- Interactive map of Bayside, Texas
- Bayside Location within Texas Bayside Location within the United States Bayside Location within North America
- Coordinates: 28°5′48″N 97°12′42″W﻿ / ﻿28.09667°N 97.21167°W
- Country: United States
- State: Texas
- County: Refugio

Area
- • Total: 1.09 sq mi (2.82 km^{2})
- • Land: 1.02 sq mi (2.63 km^{2})
- • Water: 0.073 sq mi (0.19 km^{2})
- Elevation: 16 ft (5 m)

Population (2020)
- • Total: 275
- • Density: 271/sq mi (105/km^{2})
- Time zone: UTC-6 (Central (CST))
- • Summer (DST): UTC-5 (CDT)
- ZIP code: 78340
- Area code: 361
- FIPS code: 48-06104
- GNIS feature ID: 1330169

= Bayside, Texas =

Bayside is a town in southern Refugio County, in the U.S. state of Texas. The population was 275 at the 2020 census.

==History==
The town was established in 1908 by E.O. Burton and A.H. Danforth.

==Geography==

Bayside is located on the west side of Copano Bay at (28.096591, –97.211589). The town is near the mouth of the Aransas River, a small stream that runs from its origins in Bee County and marks the boundary between Refugio County and San Patricio County.

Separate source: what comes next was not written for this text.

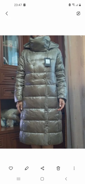 Мне очень понравилось пальто, просто бомба! Цвет крутой, как хамелеон, я все понять не могла,почему у продавца светлое оно на фото,а так и есть, при дневном свете,ну может чуть темнее, серо-лиловое.Смотрится,как будто за 25000,а не за 5000. Воротник внутри отстегивается для стирки.ОГ у меня 106, размер самый большой подошел,но думаю и меньше было бы можно.Продавец советовал взять больше, я согласилась и он поменял размер,спасибо большое! Да,еще в нем в лютый мороз,мне кажется,тепло будет.

According to the United States Census Bureau, the town has a total area of 1.1 sqmi, of which 1.0 sqmi is land and 0.1 sqmi (6.31%) is water.

==Demographics==

As of the census of 2000, there were 360 people, 153 households, and 102 families residing in the town. The population density was 346.0 PD/sqmi. There were 266 housing units at an average density of 255.6 /sqmi. The racial makeup of the town was 89.44% White, 1.94% African American, 0.56% Native American, 7.50% from other races, and 0.56% from two or more races. Hispanic or Latino of any race were 27.50% of the population.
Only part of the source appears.